NEW YORK (AP) - A company that makes shorts, one that roasts coffee and an old-fashioned five-and-dime store are the finalists in a contest to win a Super Bowl ad.
NEW YORK (AP) — A company that makes shorts, one that roasts coffee and an old-fashioned five-and-dime store are the finalists in a contest to win a Super Bowl ad.
The three companies got the most votes from the public in the competition sponsored by software maker Intuit Inc. The winner, the company with the most votes, will get a 30-second spot during Super Bowl 50 on Feb. 7.
The top three vote-getters among 10 companies chosen by Intuit employees:
—Chubbies Shorts, San Francisco, maker of shorts and other clothes
—Death Wish Coffee Co., Round Lake, New York, coffee roaster
—Vidler's 5 & 10, an East Aurora, New York, retailer fashioned after the five-and-dimes that were fixtures across the country for much of the 20th century.
The contest began in June with the public voting on thousands of companies. In September, Intuit employees winnowed the contestants down to 10, and the public again voted, with Chubbies, Death Wish and Vidler's coming out on top. The winner will be announced shortly before the Super Bowl.

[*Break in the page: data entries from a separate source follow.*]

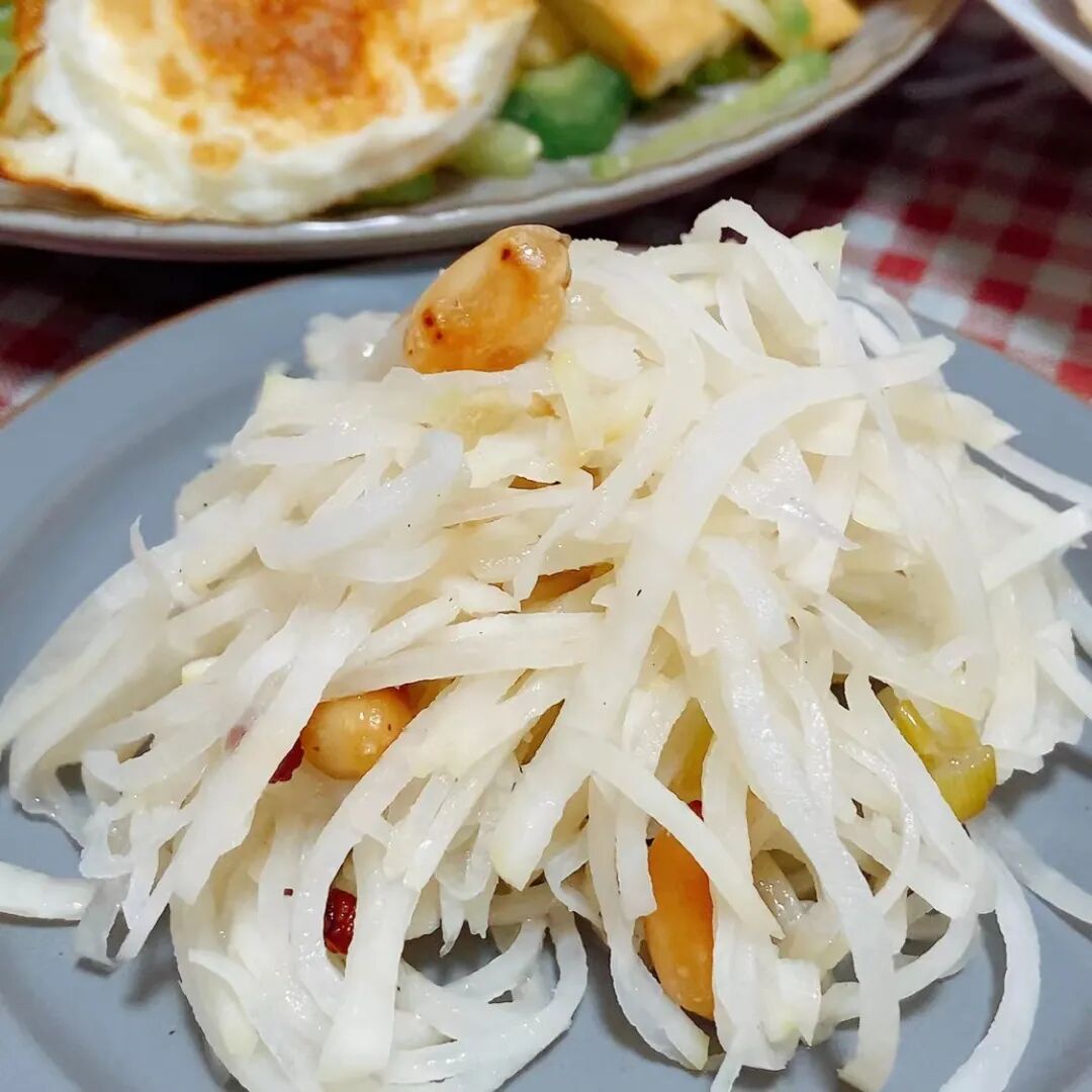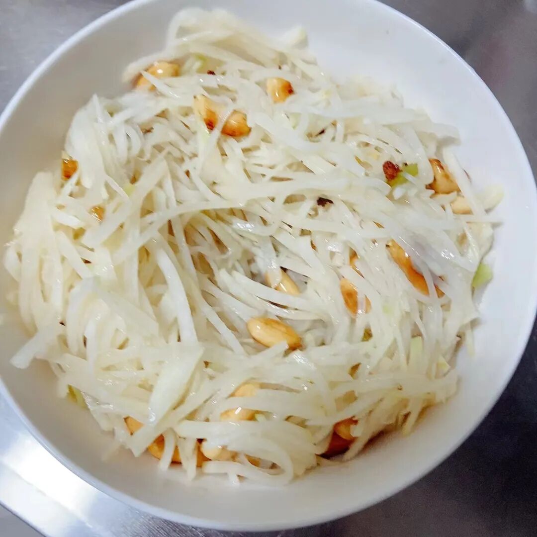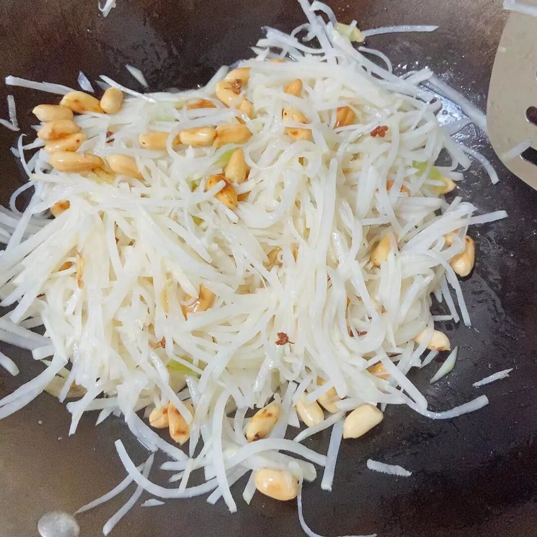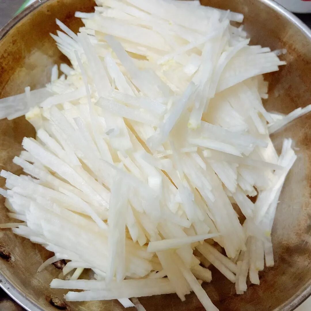 下辣疙瘩丝炒至4分熟。今天特意问我妈,说翻拌一下就行。我这个有点熟过了,没了辛辣味。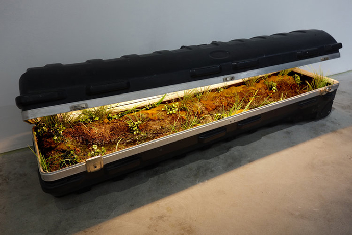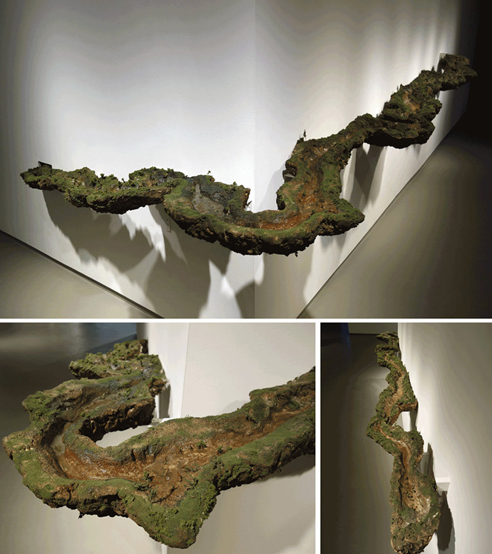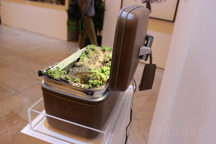 这些作品中的一部分是树脂等人工材料制作而成的,另一部分是把真正的光照、水流、土壤和鲜活的植物结合在一起,形成了完全封闭独立的微景观。
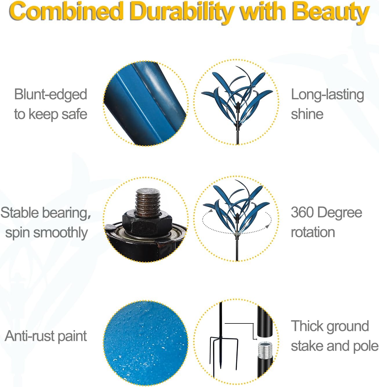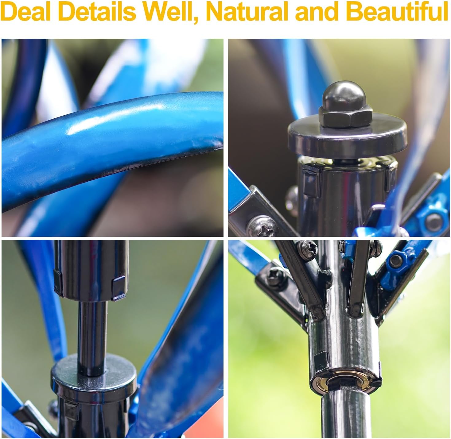 • 【Withstand All Weather】Stable pronged base stake design to keep the outdoor large wind spinner balanced and firmly placed. Hand-painted and UV treated to resist fading, so it is long-lasting and will perfom well as a garden decoration.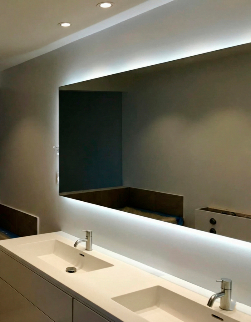 Har du specielle ønsker til spejlet som for eksempel facet kant, sandblæsning eller spejl med indsat lys hjælper vi dig på vej til den rigtige løsning.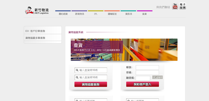 查件分貨物、國際、全球通、契約客戶,也有多筆查詢。另有進出口報關、農產品運銷、藥品醫材運銷等不同種類的服務。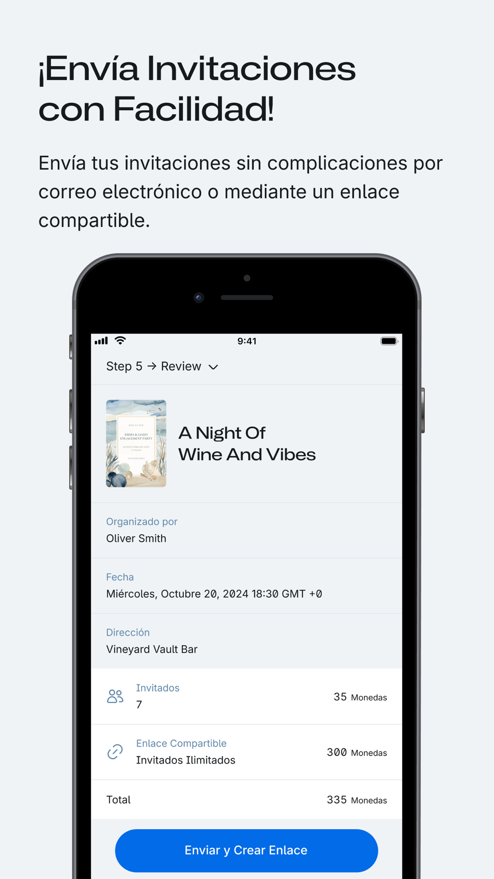 Comparte tus invitaciones por correo electrónico directamente desde la aplicación.
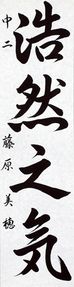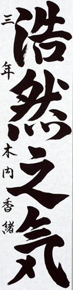 この度奨励賞をいただきありがとうございました。受賞を聞いた時は、本当にうれしかったです。今回、私は「浩然之気」という言葉を書きました。作品を仕上げるために何枚も書きました。書いている時に苦労したのは「然」という字のバランスです。台形のように上より下が広がる所が難しく、先生にアドバイスをいただきながら何度も練習しました。そして上達した時は大きな達成感を味わうことができました。また、私は「之」という字を初めて習字で書きました。見た時は上手く書けるかと不安でしたが、とても楽しく書くことができました。なぜかというと、「浩然之気」の中で右はらいは「之」の三画目のみで、伸びやかに自分らしくをこの一筆に込められるからです。自分なりに気持ちを込めて書けたと思います。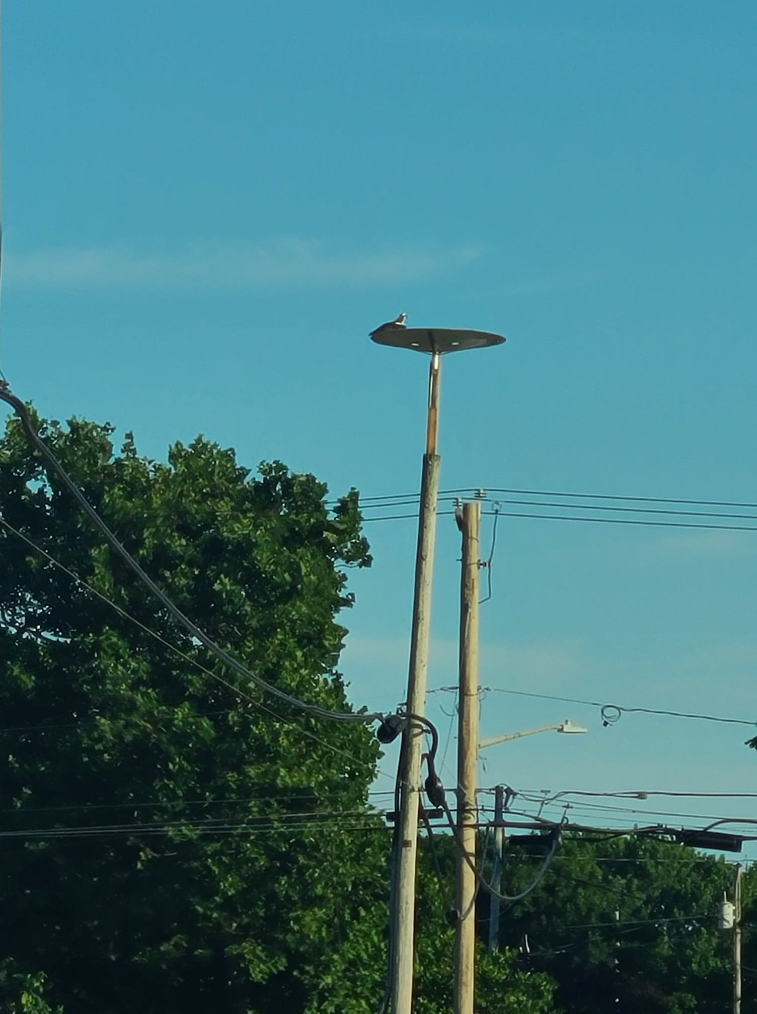 Elizabeth Flagler, a media representative for PSEG Long Island, said an environmentalist explained that since it is after nesting season, "the bird must be a young bird practicing its nesting skills."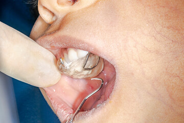 Orthodontics patient kid with a prosthetic device on the maxillary arch, mouth open and a dentist's fingers with medical glove retracting the lip and holding a dental probe cleaning the sealing cement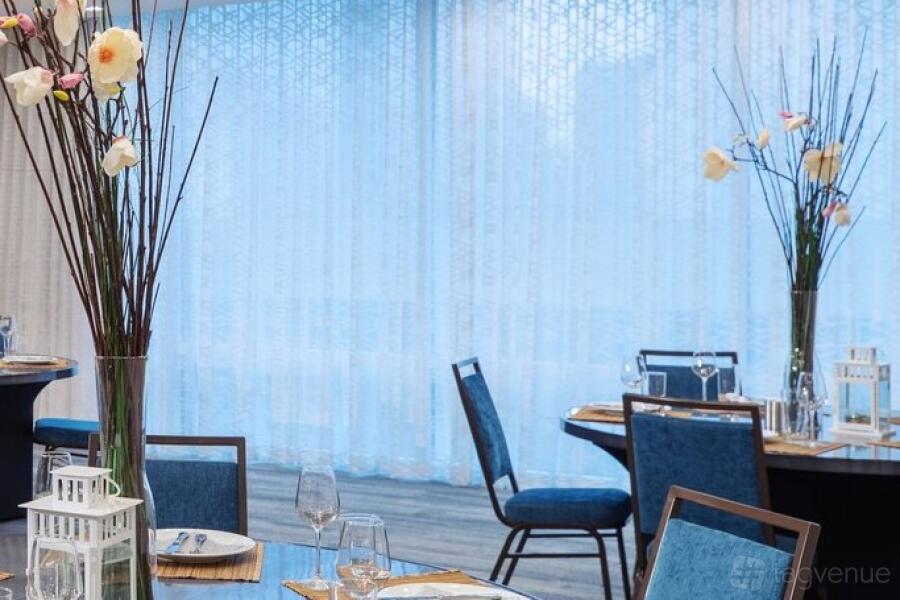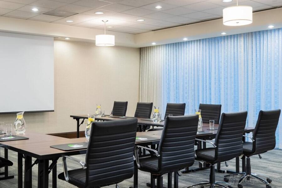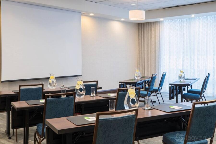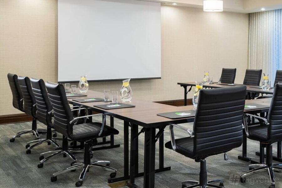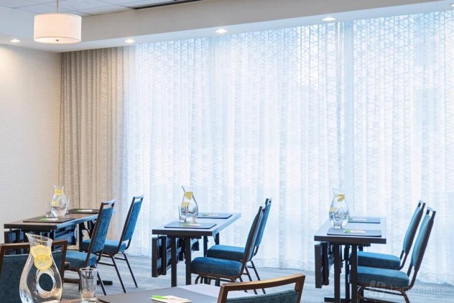 The venue features four distinct rooms, each space equipped with state-of-the-art AV technology, ergonomic seating, and ample natural light, making them ideal for meetings, training sessions, banquets, or intimate gatherings. Guests also benefit from amenities like high-speed WiFi, a business center, and breakout lounge areas with plush seating and stylish decor. For casual dining or refreshments, the on-site bar and bistro provide convenient options, while the chic lobby offers a welcoming space for networking or relaxation.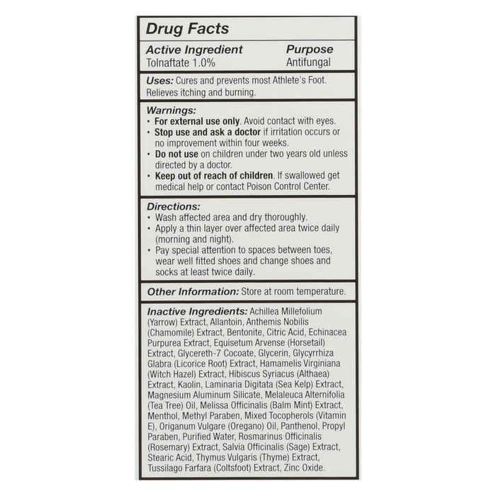 ingredients : active ingredient tolnaftate 1.0% purpose antifungal inactive : achillea millefolium;yarrow;extract;allantoin;anthemis nobilis;chamomile;bentonite;citric acid;echinacea purpurea extract;equisetum arvense;horsetail;glycereth-7 cocoate;glycerin;glycyrrhiza glabra;licorice root;hamamelis virginiana;witch hazel;hibiscus syriacus;althaea;kaolin;laminaria digitata;sea kelp;magnesium aluminum silicate;melaleuca alternifolia;tea tree;oil;melissa officinalis;balm mint;menthol;methyl paraben;mixed tocophe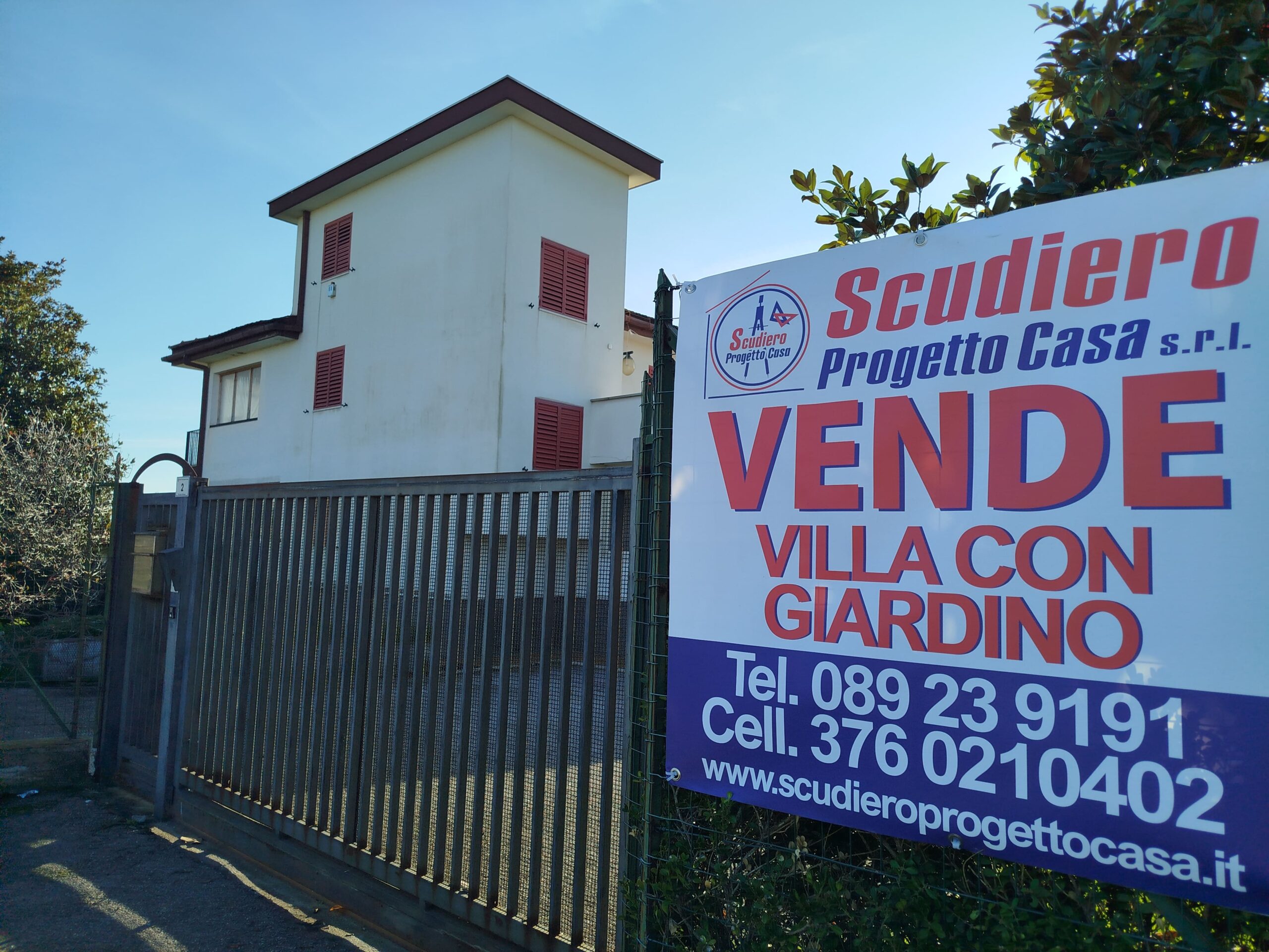 Pontecagnano Faiano(SA), località Magazzeno a poca distanza dal Porto Marina D’arechi e dall’ Aeroporto di Costa d’Amalfi proponiamo in VENDITA UNA SPLENDIDA VILLA INDIPENDENTE, VISTA MARE su due livelli piano terra e piano primo, per una superficie complessiva di 200 mq circa, collegati a mezzo di rappresentativa ampia scala interna. Il piano terra si sviluppa in salone doppio d’ingresso, con caratteristica ampia vetrata prospiciente il giardino, camera da letto, cucina abitabile con camino e bagno. Il piano primo si compone in ampio salone, 2 camere da letto di cui una con cabina armadio, bagno e terrazzo a livello. La villa si presenta in buone condizioni manutentive, pavimento in cotto e parquet, porte interne in legno massello, riscaldamento autonomo. Il giardino attrezzato circostante la villa , ha una superficie di 400 mq circa parte pavimentato e parte a prato verde. Ottima posizione, strategica, a pochissima distanza a piedi dal mare. Ideale sia per la collocazione di una famiglia, sia da adibire a struttura turistico ricettiva.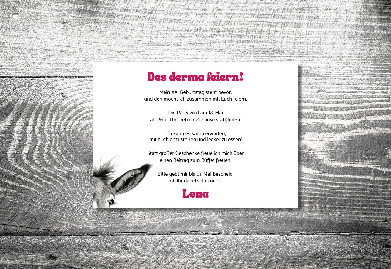 Hast Du besondere Wünsche bezüglich des Designs? Möchtest Du eine andere Farbe (Farbauswahl) oder Schrift (Schriftenauswahl)? Wir helfen Dir Dein individuelles Design zu erstellen.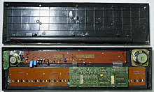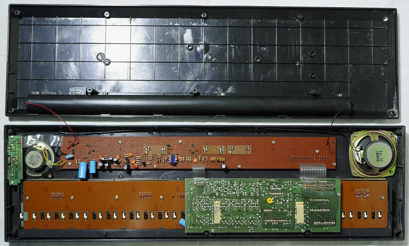 Like with Ramasio 892, the key rubber contacts are not silicone; they were partly greyish discoloured and one rubber cap was even torn. Many were sticking to itself at the folded edges (from misplaced installation?). I guess they are of butyl rubber, which tends to be as vulnerable as latex, thus be careful not to bring oil (except silicone) or any other fatty substances in contact with them, which would likely dissolve the rubber. It may be also a good idea to store this instrument in an airtight PE or PP plastic bag to protect the rubber from airborne ozone and phthalate. I also repaired a broken plastic hook under a key.

The commercial to be aired during the game will be the second small-business ad Intuit has paid for. GoldieBlox, a toy for girls, won the software maker's first competition and had a 30-second spot during the 2014 Super Bowl.
Super Bowl ads are usually bought by high-profile brands like Chevy, Doritos and Budweiser. Ads during this year's Super Bowl cost $4.5 million for 30 seconds of air time, not including the cost of producing the spots. That puts the commercials well out of financial reach for most small companies.
The ads get almost as much attention as the game itself. Viewers post comments on social media, and the commercials are a topic of conversation the day after the game.